▸ **Given records**:
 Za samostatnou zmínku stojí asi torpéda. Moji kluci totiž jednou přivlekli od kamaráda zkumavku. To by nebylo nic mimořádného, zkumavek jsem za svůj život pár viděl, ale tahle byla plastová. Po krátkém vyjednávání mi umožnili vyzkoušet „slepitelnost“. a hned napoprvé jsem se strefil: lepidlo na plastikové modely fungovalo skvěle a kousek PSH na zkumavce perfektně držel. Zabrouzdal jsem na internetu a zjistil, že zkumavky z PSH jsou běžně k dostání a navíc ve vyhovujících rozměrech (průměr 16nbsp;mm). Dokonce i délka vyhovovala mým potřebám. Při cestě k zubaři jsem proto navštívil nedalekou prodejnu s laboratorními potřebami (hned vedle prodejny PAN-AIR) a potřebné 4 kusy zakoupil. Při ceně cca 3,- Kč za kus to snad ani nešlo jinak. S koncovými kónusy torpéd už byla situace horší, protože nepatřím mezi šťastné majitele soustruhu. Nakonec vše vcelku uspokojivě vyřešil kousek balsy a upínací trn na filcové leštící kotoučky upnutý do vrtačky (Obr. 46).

--

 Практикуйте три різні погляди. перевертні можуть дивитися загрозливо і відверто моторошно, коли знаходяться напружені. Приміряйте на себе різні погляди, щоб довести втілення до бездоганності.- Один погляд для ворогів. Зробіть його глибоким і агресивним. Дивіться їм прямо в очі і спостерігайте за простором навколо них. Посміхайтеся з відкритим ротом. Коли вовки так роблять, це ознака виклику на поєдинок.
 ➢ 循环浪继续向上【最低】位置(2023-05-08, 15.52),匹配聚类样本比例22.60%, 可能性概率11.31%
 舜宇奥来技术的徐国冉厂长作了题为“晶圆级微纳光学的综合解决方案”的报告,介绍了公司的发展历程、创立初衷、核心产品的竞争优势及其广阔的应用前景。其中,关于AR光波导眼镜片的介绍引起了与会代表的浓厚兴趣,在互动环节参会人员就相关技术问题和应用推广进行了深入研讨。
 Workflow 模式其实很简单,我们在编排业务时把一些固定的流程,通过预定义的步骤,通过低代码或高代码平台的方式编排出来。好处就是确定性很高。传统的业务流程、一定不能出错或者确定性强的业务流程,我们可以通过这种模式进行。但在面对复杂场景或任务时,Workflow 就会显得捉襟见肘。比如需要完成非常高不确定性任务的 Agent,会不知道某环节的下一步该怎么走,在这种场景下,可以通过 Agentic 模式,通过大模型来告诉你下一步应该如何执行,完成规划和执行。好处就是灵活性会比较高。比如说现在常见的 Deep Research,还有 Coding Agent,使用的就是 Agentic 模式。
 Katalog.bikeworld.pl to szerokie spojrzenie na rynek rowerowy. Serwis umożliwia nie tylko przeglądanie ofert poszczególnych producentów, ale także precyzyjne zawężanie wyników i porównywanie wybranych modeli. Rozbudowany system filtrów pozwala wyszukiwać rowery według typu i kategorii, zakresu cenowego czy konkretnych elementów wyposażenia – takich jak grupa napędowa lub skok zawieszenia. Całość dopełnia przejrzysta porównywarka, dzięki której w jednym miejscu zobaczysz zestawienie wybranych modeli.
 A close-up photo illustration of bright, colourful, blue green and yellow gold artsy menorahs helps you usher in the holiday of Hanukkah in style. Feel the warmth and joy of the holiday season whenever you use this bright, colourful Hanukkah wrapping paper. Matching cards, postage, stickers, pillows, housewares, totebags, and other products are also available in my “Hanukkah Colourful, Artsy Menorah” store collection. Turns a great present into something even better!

--

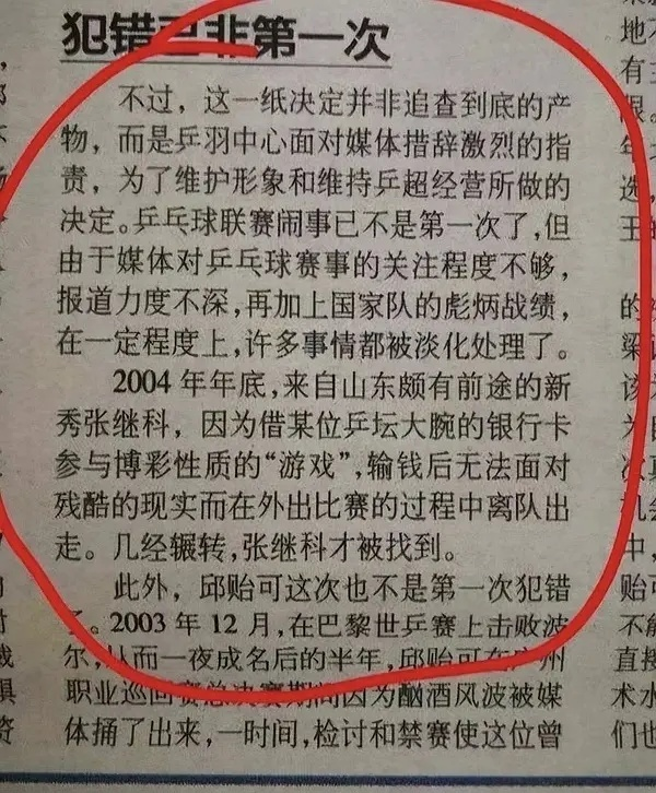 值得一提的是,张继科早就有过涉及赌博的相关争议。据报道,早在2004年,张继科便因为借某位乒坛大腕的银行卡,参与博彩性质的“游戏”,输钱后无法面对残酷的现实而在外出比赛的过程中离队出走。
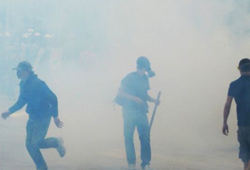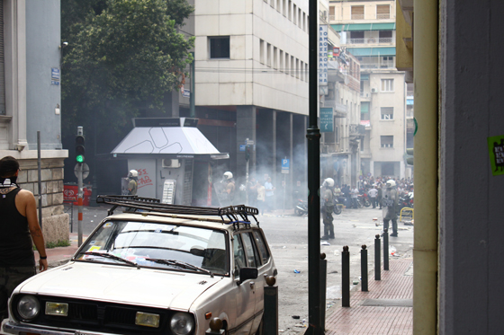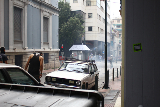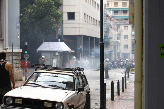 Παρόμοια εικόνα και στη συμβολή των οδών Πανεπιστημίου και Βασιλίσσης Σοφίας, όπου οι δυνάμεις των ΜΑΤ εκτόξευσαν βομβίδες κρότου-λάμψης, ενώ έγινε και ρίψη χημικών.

▸ **Work request**: Please copy the lines above from the line with "Практикуйте три різні" up to and including the line with "A close-up photo", exactly as written and with nothing else.

▸ **Result for this exercise**:
 Практикуйте три різні погляди. перевертні можуть дивитися загрозливо і відверто моторошно, коли знаходяться напружені. Приміряйте на себе різні погляди, щоб довести втілення до бездоганності.- Один погляд для ворогів. Зробіть його глибоким і агресивним. Дивіться їм прямо в очі і спостерігайте за простором навколо них. Посміхайтеся з відкритим ротом. Коли вовки так роблять, це ознака виклику на поєдинок.
 ➢ 循环浪继续向上【最低】位置(2023-05-08, 15.52),匹配聚类样本比例22.60%, 可能性概率11.31%
 舜宇奥来技术的徐国冉厂长作了题为“晶圆级微纳光学的综合解决方案”的报告,介绍了公司的发展历程、创立初衷、核心产品的竞争优势及其广阔的应用前景。其中,关于AR光波导眼镜片的介绍引起了与会代表的浓厚兴趣,在互动环节参会人员就相关技术问题和应用推广进行了深入研讨。
 Workflow 模式其实很简单,我们在编排业务时把一些固定的流程,通过预定义的步骤,通过低代码或高代码平台的方式编排出来。好处就是确定性很高。传统的业务流程、一定不能出错或者确定性强的业务流程,我们可以通过这种模式进行。但在面对复杂场景或任务时,Workflow 就会显得捉襟见肘。比如需要完成非常高不确定性任务的 Agent,会不知道某环节的下一步该怎么走,在这种场景下,可以通过 Agentic 模式,通过大模型来告诉你下一步应该如何执行,完成规划和执行。好处就是灵活性会比较高。比如说现在常见的 Deep Research,还有 Coding Agent,使用的就是 Agentic 模式。
 Katalog.bikeworld.pl to szerokie spojrzenie na rynek rowerowy. Serwis umożliwia nie tylko przeglądanie ofert poszczególnych producentów, ale także precyzyjne zawężanie wyników i porównywanie wybranych modeli. Rozbudowany system filtrów pozwala wyszukiwać rowery według typu i kategorii, zakresu cenowego czy konkretnych elementów wyposażenia – takich jak grupa napędowa lub skok zawieszenia. Całość dopełnia przejrzysta porównywarka, dzięki której w jednym miejscu zobaczysz zestawienie wybranych modeli.
 A close-up photo illustration of bright, colourful, blue green and yellow gold artsy menorahs helps you usher in the holiday of Hanukkah in style. Feel the warmth and joy of the holiday season whenever you use this bright, colourful Hanukkah wrapping paper. Matching cards, postage, stickers, pillows, housewares, totebags, and other products are also available in my “Hanukkah Colourful, Artsy Menorah” store collection. Turns a great present into something even better!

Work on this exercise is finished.